Today I am admiring my precious collection of dried orchid pickings – a bunch of flower stems that have been carefully cut from the main plants, taking the utmost care not to disturb the plant or any future growth, leaving a mark no bigger than that of a small Oribi antelope having an early morning pallet cleanser… These live samples have all been worked from in their fresh form, some already a framed watercolour illustration, others sketched and eagerly awaiting my paintbrush.
Seeing these delicately dried specimens takes me back over 6 years, to where my mother and I ventured through wet grasslands and stony ridges in the heart of Mpumalanga, searching for indigenous orchids. At this point we have already been on the excursion for three full days, generously guided by our very apt nature conservationist who has specifically been appointed for the task. This particular misty afternoon, just the two of us were revisiting an area where my mother had spend many childhood days of discovery and memory-making.
We have heard of a particular orchid that could occur in the larger area, but so rare and endangered that its few known locations are being protected. But my mother could recall a vague memory, a hazy image of a solitary pink flower she was sure to have noticed so many years ago…thus, driven by our instincts, we ventured through a crisp drizzle to the secret valley. And to our greatest delight, there we found the treasure – two beautiful Disa zuluensis plants leaning over a cool stream, flaunting their beauty in full bloom!
What a rare find, what precious piece of information to guard! Despite a seemingly challenging point of access to get the perfect angle, no time was wasted making rough sketches of the specimen, before we rushed our way back through a slightly heavier downpour.

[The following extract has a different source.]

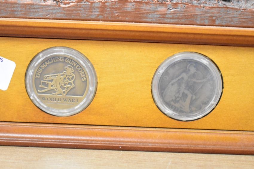 Danbury Mint bronzed sculpture of Defending The Line - The Machine Gun Corps, a commemoration of the role played by the MGC during WW1, set on a wooden plinth with a specially-commissioned commemorative coin and a genuine 1917 penny in circulated condition, both in plastic holders and fitted into the wooden plinth, unboxed, 13cm x 23cm x 16cm high. Sold with Certificate of Authenticity.(1)
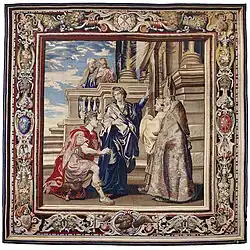 The History of Constantine is a series of tapestries designed by the Flemish artist Peter Paul Rubens and Italian artist Pietro da Cortona depicting the life of Constantine I, the first Christian Roman emperor. In 1622, Rubens painted the first twelve oil sketches that were used as guides, and the tapestries themselves were woven in the workshop of Marc Comans and François de la Planche in the Faubourg Saint-Marcel in Paris by 1625,[1] transforming each small sketch (perhaps two feet per side) into a sumptuous creation of wool, silk, and gold and silver threads that could easily fill a wall.[2] An additional five designs were painted by Cortona in 1630 and woven in the atelier of Cardinal Francesco Barberini in Rome over the next decade.[3]

Ever since the discovery, time has passed and life has kept me occupied, but I finally got around to finishing the painting. Looking at the illustration now, it takes me back to that very special encounter, where I can almost evoke the smell of the surrounding grasses, the wet soil, the breezy drizzle. It has in a way become a symbol of four generations of my maternal lineage and namesake, and it is with a grateful heart that I offer this painting to my mother, and in honour of the women from whom I descend.